THE PROBLEM
Set down the first line below and each line after it, ending with the one that holds "In vitro drug". Pictures do not belong in the copy.

MATERIAL PROVIDED
-- -- --
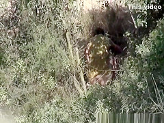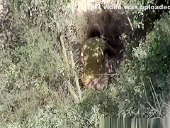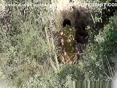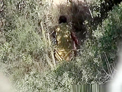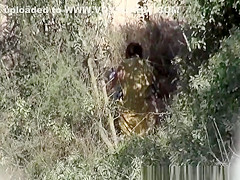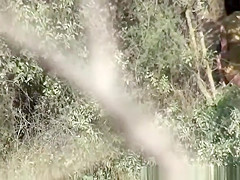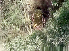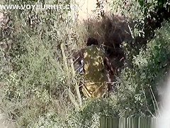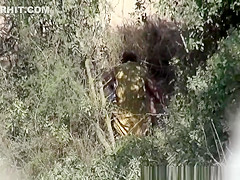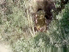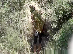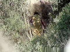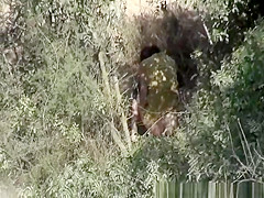 Woman pulls her constricted panties down and her costume up to squat and pee during the time that the voyeur hidden in the bushes films her.
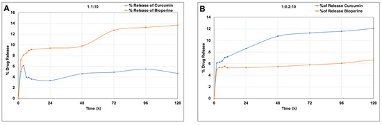 In vitro drug release of curcumin and Bioperine from the curcumin-Bioperine PLGA NPs (A) 1:1:10 and (B) 1:0.2:10 at pH 7.4 PBS buffer 37 °C for 5 days.
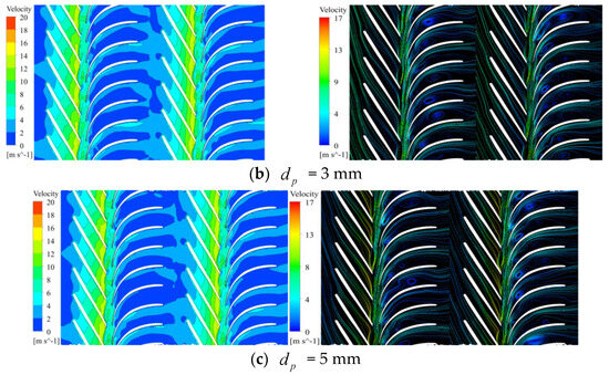 The velocity cloud and streamline distribution inside the mineral extraction pump for different particle sizes under the high flow rate condition is shown in Figure 8. Compared with the low and rated flow conditions, the velocity gradient inside the pump was more uniform. Moreover, vortex and backflow phenomena within the first- and second-stage space guide vanes were significantly weakened. This reduction in flow instability led to lower hydraulic losses and increased hydraulic efficiency. Comparing Figure 8a–c reveals that as the particle size increased, the vortex intensity within the space guide vane increased significantly, along with an expansion of the unstable flow region.
-- -- --
EXERCISE SOLUTION
 Woman pulls her constricted panties down and her costume up to squat and pee during the time that the voyeur hidden in the bushes films her.
 In vitro drug release of curcumin and Bioperine from the curcumin-Bioperine PLGA NPs (A) 1:1:10 and (B) 1:0.2:10 at pH 7.4 PBS buffer 37 °C for 5 days.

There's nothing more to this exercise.